Like Dorothy, the characters including Mo’s ex-lover (Dylan McDermott) and a bemused black maid (Charlaine Woodard) suffer through a tornado. But it doesn’t spin them into any magic kingdom. They simply wake up dazed again, in another unbearably unstructured day. What Almereyda has drawn here--with a mood that, except for its absence of zoom shots, irresistibly recalls the vaguely narcotized, real-surreal atmosphere of Robert Altman’s ‘70s films--is the dilemma of a family sunk in riches and without a clue what to do with them.

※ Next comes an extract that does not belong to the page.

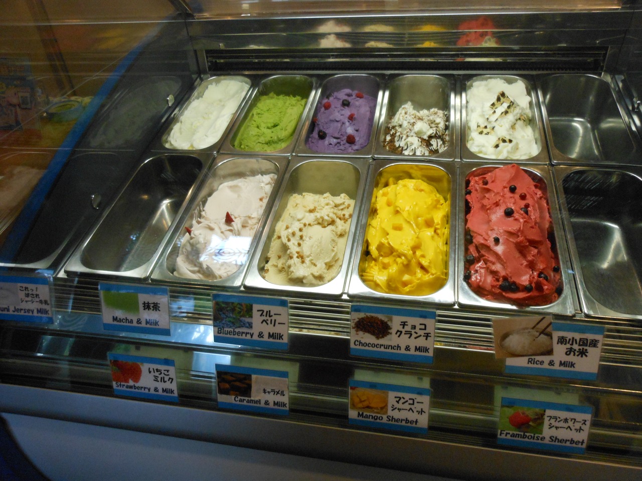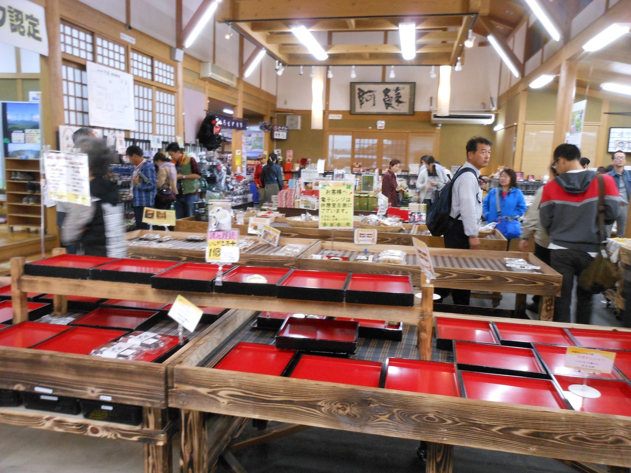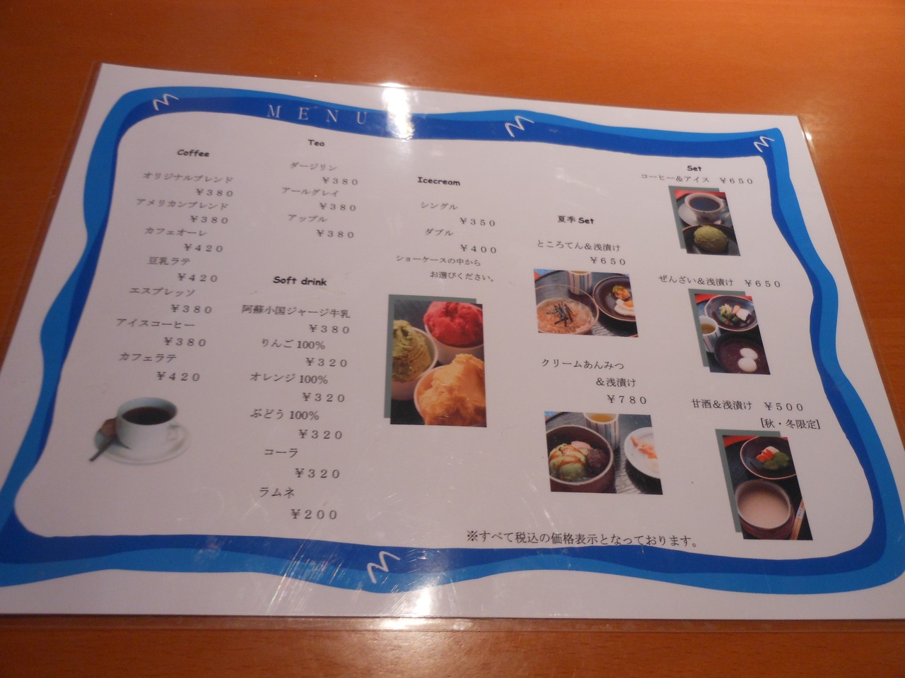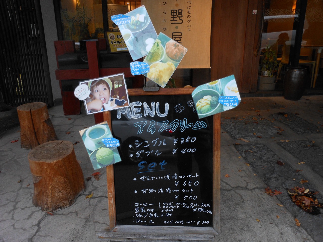 黒川温泉をゆったりと散策後に一休みにつけものやのつけものと同じフロワーにあるカフェ平野屋に入りました。ぜんざいを食べたいと家内が言うので入ってみました。店内にはアイスクリームのいろんな種類が、おみやげ品などがありましたがぜんざいはもちろん美味しいでしたが漬け物が添えられていてそれがいっそうと合うもので美味しく頂けました。

Setting the movie in Kansas--that flat land of pale skies, with its echoes of both Oz and “In Cold Blood”--heightens the surreality. It suggests the magic that won’t come, the terror that might. When William Burroughs shows up, taking target practice and then ruminating on an acquaintance who shot horses and died after trying to eat a clock, it’s a good sample of “Twister’s” humor: ultra-deadpan, a little mean: American Gothic with glazed eyes.

Almereyda fills every scene with verbal jolts and spins, but he doesn’t have much visual style. The film suffers from a lack of modulation, and also from the low budget that keeps Almereyda from even trying for a simulated hurricane.

But “Twister’s” shortcomings can be excused, because it has something new to offer: a goofball penetration into the lives of the rich and tipsy, half-crocked under the rainbow. Seldom does a movie seem so tied to the moods and fluctuations of alcohol. Watching these people, you can almost imagine what they’re drinking: from Chris’ six-packs to Mo’s whiskey and pills to Dad’s bourbon to whatever Howdy is doodling himself up with: perhaps creme de menthe laced with Methedrine.

“Twister” (rated PG-13) may not have special effects or taut structure, but it has something movies with real-looking tornadoes usually miss: intelligence, surprise, a flair for the craziness of the everyday.